### WORK REQUIRED
Where the line holding "A retro TV screen" appears, start copying, and continue exactly through the last line of the listing, skipping pictures.
(RECORDED INFORMATION)
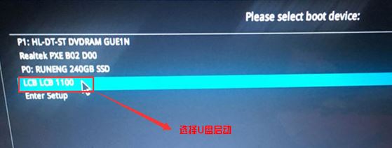 3、插入U盤啟動盤,重啟按ESC選擇識別到U盤啟動項,回車,如圖所示:
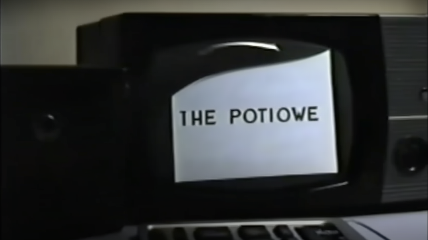 A retro TV screen displaying 'THE POTIOWE' in bold text, evoking a nostalgic vibe with its vintage design and dimly lit setting.
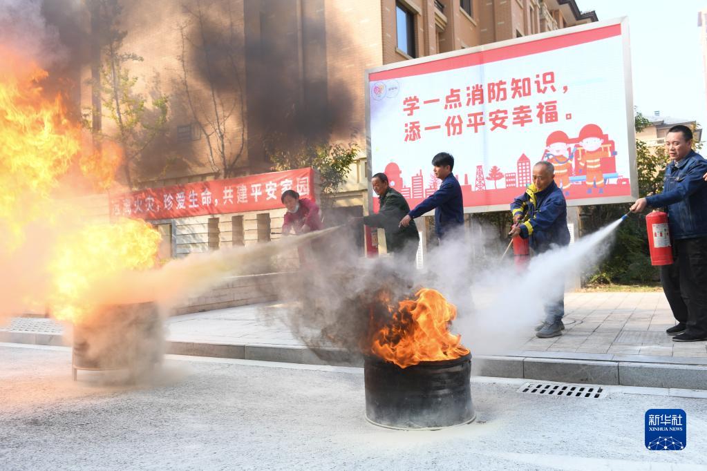 11月8日,在湖州市吳興區環(huán)渚街道一個(gè)居民區,消防和應急部門(mén)工作人員指導居民熟悉滅火器的操作方式。
(End RECORDED INFORMATION)
### TASK RESULT
 A retro TV screen displaying 'THE POTIOWE' in bold text, evoking a nostalgic vibe with its vintage design and dimly lit setting.
 11月8日,在湖州市吳興區環(huán)渚街道一個(gè)居民區,消防和應急部門(mén)工作人員指導居民熟悉滅火器的操作方式。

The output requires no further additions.